Mixed-technology design implementation involves placing circuit elements carefully to reduce design size, while satisfying circuit isolation and mechanical constraints. This includes consideration of analog/mixed-signal design tools for the baseband portion of the wireless communication system, as well as hardware and software co-simulation. Accurate interconnect modeling, or extracted parameters from an electromagnetic simulation, can provide necessary information about the RF section. RF EDA tools use an automatic shape generation algorithm for layout creation of RF blocks, including the arbitrary placement of user-defined parametric shapes on inner PCB layers. This process creates and optimizes buried components. Such RF-layout automation capabilities extend the power of standard place-and-route tools beyond existing digital and analog functionality.

With higher integration and larger RF blocks, it becomes difficult to create RF layout with standard schematic-driven-layout (SDL) processes. Today, the physical model or layout dominates the design-creation process. Sophisticated PCB tool vendors have expanded the limitation of the SDL process. RF distributed elements are now placed and connected in layout, and changes are back annotated into the schematic.

To conquer high-density RF designs with many buried components, it's not enough to place parameterized distributed elements in layout. Free-form component structure editing, while maintaining component information of the associated copper shapes, becomes mandatory. Advanced technologies for component modifications must be integrated into a powerful PCB routing environment. That environment includes traces with respect to RF design requirements (e.g., the automatic generation of mitered and curved bends).

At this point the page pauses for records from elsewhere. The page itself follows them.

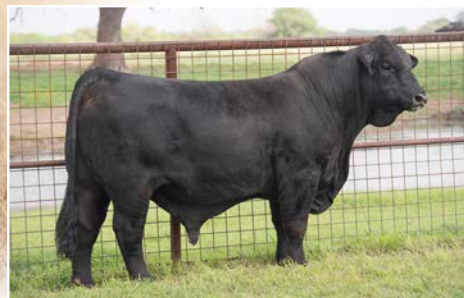
SIRE - DDD WALLSTREET 150C
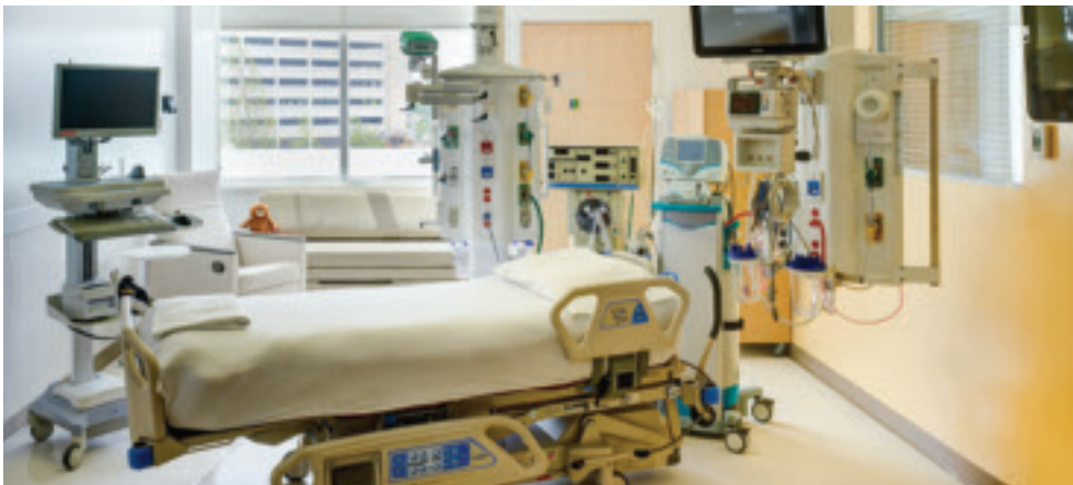
Critical care rooms have the latest technology to optimize clinical practice and patient safety.
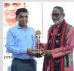
Hon Chief Minister of Goa & Impex Chamber Mg. Dir.
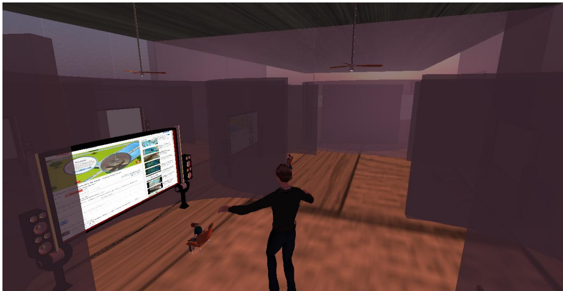
Figure 4: Videos room

The viewer used (Singularity) provided the option of adding texture to an object in multimedia format, through an Internet address. Therefore, videos could be added directly from the YouTube to be watched by users.
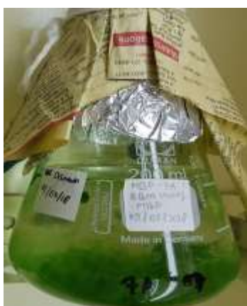
Fig. 1. Biomass Leptolyngbya NBP-7A in erlenmayer flask 200 mL.

The study of growth Leptolyngbya NBP-7A taken 14 days with 9 times of sampling. The result produced growth curve of Leptolyngbya NBP-7A in variant growth media. The growth curve of this study still imperfect, because Leptolyngbya NBP-7A was still adapted with the condition of variation growth media. It could be seen at the growth curve of Leptolyngbya NBP-7A produce the growth curve unstable. The age of inoculum that used in this study was 1 months old.

RF subcircuits containing distributed components naturally lend themselves to being incorporated into inner layers of the board. Passive components used in these RF circuits can also be embedded on the inner layers using various technologies.

Embedding Passive Components

Passive components are becoming a significant portion of the total number of components used in RF applications, where most of the components are resistors followed by capacitors and inductors. Passive components have not kept up with ever-shrinking ICs, and peripheral passive components are not as functionally space efficient as ICs and are one of the major roadblocks in increasing the functional density of mobile electronic systems. The need for greater functional density is forcing designers to look at creative packaging alternatives. If the historical rate of passive component density continues, by 2010 it is reasonable to expect passive component density of 20 to 30 passives/cm2. Embedding passive components in PCBs is an enabling technology that provides PCB manufacturers with a process to make boards smaller, cheaper and faster. To fit more ICs and passive components into a design without increasing size, methods to bury some components, specifically passives within innerlayers of multilayer PCBs, are being explored (Figure 2). Embedding passives into the board substrate provides potential advantages for many applications. The generally accepted advantages include:

  • Increased circuit density by saving space on the substrate;
  • Decreased product weight;
  • Cost reduction through increased automation;
  • Improved reliability by eliminating solder joints;
  • For RF applications, the need to electromagnetically shield the board may be reduced by embedding passives;
  • Reduced routing (nets and vias) associated with discrete resistors that are replaced by embedded resistors fabricated in series with the nets they are attached to on the wiring layers.

Embedding Resistors

Two technologies are used for embedding resistors: thin film and thick film. Thin film technology, which is a subtractive process from the manufacturing point of view, involves etching out the conductive layer to expose the resistive foil underneath. Thick film is an additive manufacturing process, in which the resistive material is printed on the conductive layer to create the resistor.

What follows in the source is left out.